→ **WHAT YOU WILL DO**
When you transcribe the listing, keep each line exact and drop the pictures.
==================================================
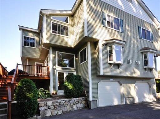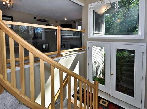 Sunny & Bright open townhouse w privacy! Large master bedroom with fireplace, sauna tub and separate shower. Home office area! Second bedroom has own full bath. Living room with bay windows and gas fireplace. Dining area part of open floor plan in Living room. Very large kitchen with granite counters, stainless dishwasher and refrigerator. Central A/C, separate laundry area that could be used as play room on firstlevel. 2 car garage and extra parking in driveway. Private deck overlooking forest. End unit for privacy.
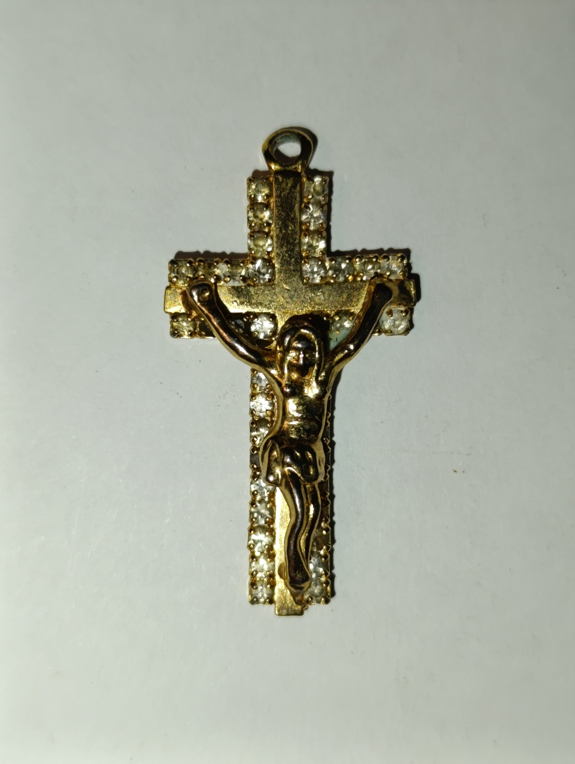 croix crucifix pendentif religieux vintage bijou ancien métal doré strass bijou fantaisie collection religion
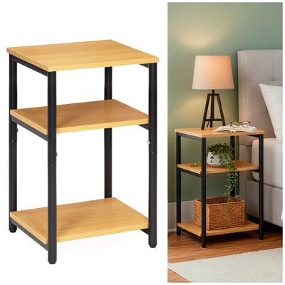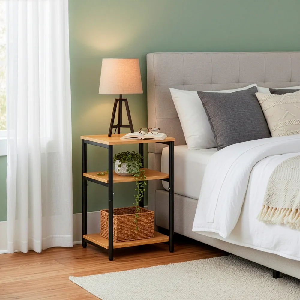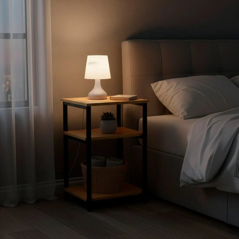 Štýlový doplnok do spálne vo svetlo hnedom prevedení s kontrastnou kovovou konštrukciou vytvára pevné a prehľadné miesto na každodenné odkladanie. Tri otvorené úrovne poskytujú priestor pre knihu, telefón, lampičku aj dekorácie. Vďaka kompaktným rozmerom sa hodí aj k menším posteliam a prirodzene zapadne do moderného interiéru.
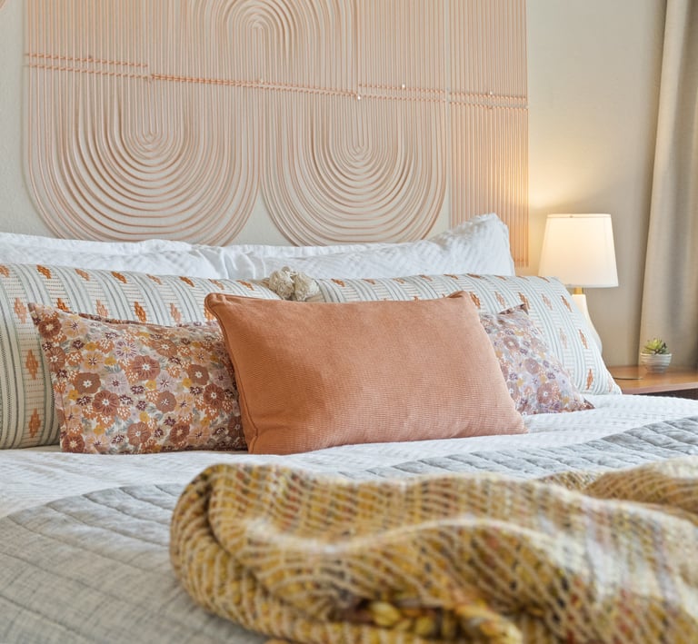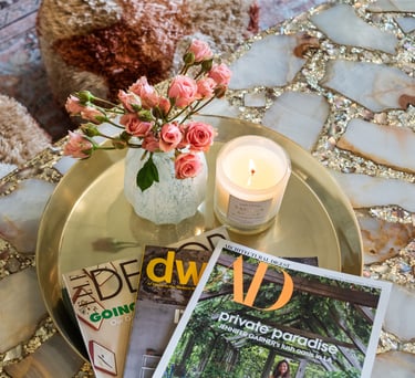 Experience luxury in our poolside villa, featuring bold graphics, luxe finishes, and a serene ambiance with natural elements.
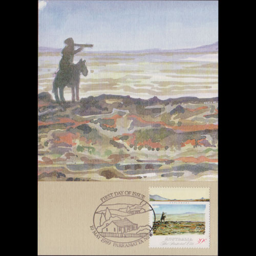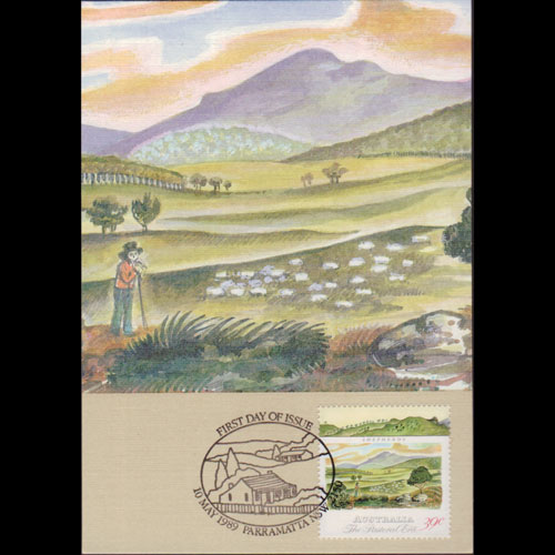 | 说明:贴早期田园风光-探险者(39c)。首日纪念戳。 |
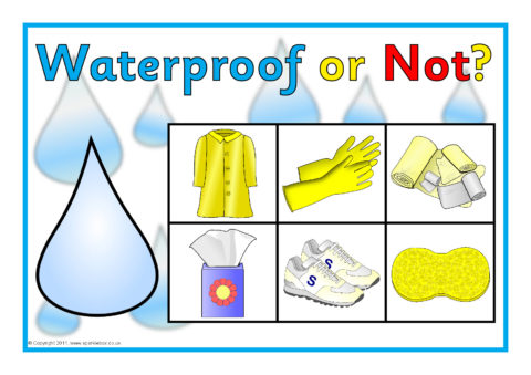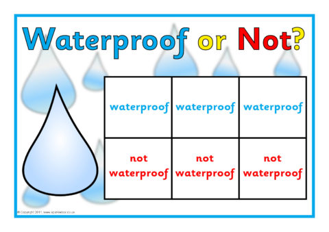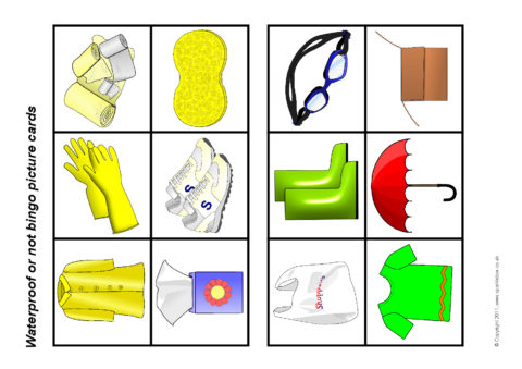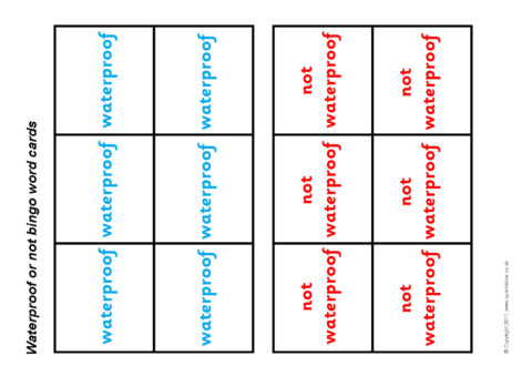 A set of bingo boards where children decide whether the objects are waterproof or not.
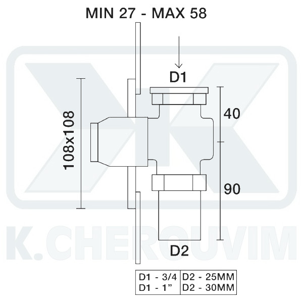 ΦΛΟΥΣΟΜΕΤΡΟ Ν.471-Α ΕΝΤΟΙΧΙΣΜΟΥ 1″ ΧΡΩΜΕ TREMOLADA (ΡΟΖΕΤΑ ABS 11Χ11 cm)
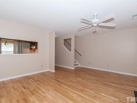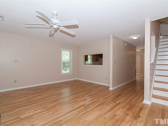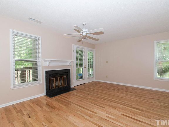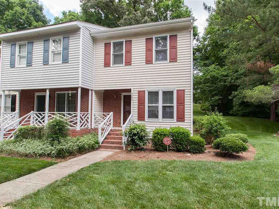 Fabulous 2 Master bdrm end unit. Hrdwd & tile flrs through out entire home. New smooth-top stove 2009, dishwasher 2011, AC-heat pump 2012, Deck 2013, disposal 2014 & New Water Heater 2015. Cook friendly kit w/pass thru to lrg liv rm featuring a wood burning frpl & french doors to private deck. Separate Din rm. Spacious MB has his/hers closets & private bath w/skylight & dressing table. 2nd MB also offers his/hers closets & private bath. Community pool & tennis courts, Convn to Umstead Park & Crabtree Mall
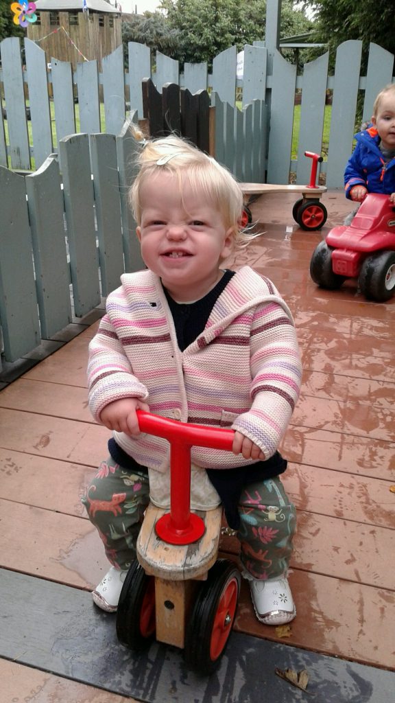 The vibrant Autumn colours were chosen to paint some seasonal pictures and then the outdoors called as the children took to the bikes to make marks as they rode through the water. Such fun!
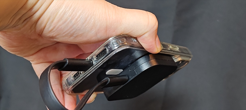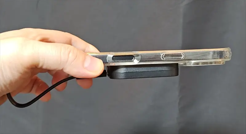 MagSafeに対応し、iPhoneの裏側にくっつけて使える
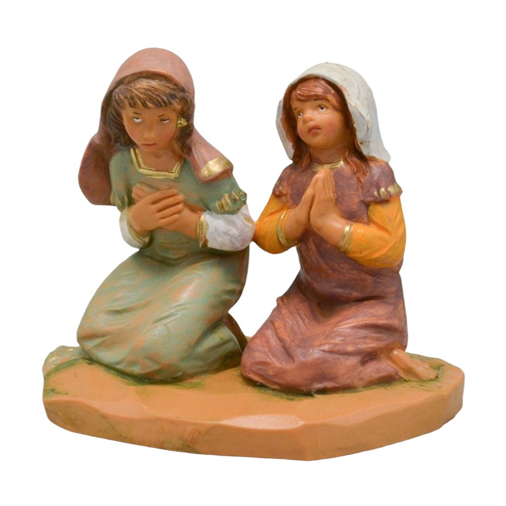 Bambine in ginocchio che pregano per presepe Fontanini cm 12:La statuina è alta 12 cm, realizzata in PVC. Colorazione: Tipo legno. Prodotto italiano.
==================================================
→ **RESULT OF THIS TASK**
 Sunny & Bright open townhouse w privacy! Large master bedroom with fireplace, sauna tub and separate shower. Home office area! Second bedroom has own full bath. Living room with bay windows and gas fireplace. Dining area part of open floor plan in Living room. Very large kitchen with granite counters, stainless dishwasher and refrigerator. Central A/C, separate laundry area that could be used as play room on firstlevel. 2 car garage and extra parking in driveway. Private deck overlooking forest. End unit for privacy.
 croix crucifix pendentif religieux vintage bijou ancien métal doré strass bijou fantaisie collection religion
 Štýlový doplnok do spálne vo svetlo hnedom prevedení s kontrastnou kovovou konštrukciou vytvára pevné a prehľadné miesto na každodenné odkladanie. Tri otvorené úrovne poskytujú priestor pre knihu, telefón, lampičku aj dekorácie. Vďaka kompaktným rozmerom sa hodí aj k menším posteliam a prirodzene zapadne do moderného interiéru.
 Experience luxury in our poolside villa, featuring bold graphics, luxe finishes, and a serene ambiance with natural elements.
 | 说明:贴早期田园风光-探险者(39c)。首日纪念戳。 |
 A set of bingo boards where children decide whether the objects are waterproof or not.
 ΦΛΟΥΣΟΜΕΤΡΟ Ν.471-Α ΕΝΤΟΙΧΙΣΜΟΥ 1″ ΧΡΩΜΕ TREMOLADA (ΡΟΖΕΤΑ ABS 11Χ11 cm)
 Fabulous 2 Master bdrm end unit. Hrdwd & tile flrs through out entire home. New smooth-top stove 2009, dishwasher 2011, AC-heat pump 2012, Deck 2013, disposal 2014 & New Water Heater 2015. Cook friendly kit w/pass thru to lrg liv rm featuring a wood burning frpl & french doors to private deck. Separate Din rm. Spacious MB has his/hers closets & private bath w/skylight & dressing table. 2nd MB also offers his/hers closets & private bath. Community pool & tennis courts, Convn to Umstead Park & Crabtree Mall
 The vibrant Autumn colours were chosen to paint some seasonal pictures and then the outdoors called as the children took to the bikes to make marks as they rode through the water. Such fun!
 MagSafeに対応し、iPhoneの裏側にくっつけて使える
 Bambine in ginocchio che pregano per presepe Fontanini cm 12:La statuina è alta 12 cm, realizzata in PVC. Colorazione: Tipo legno. Prodotto italiano.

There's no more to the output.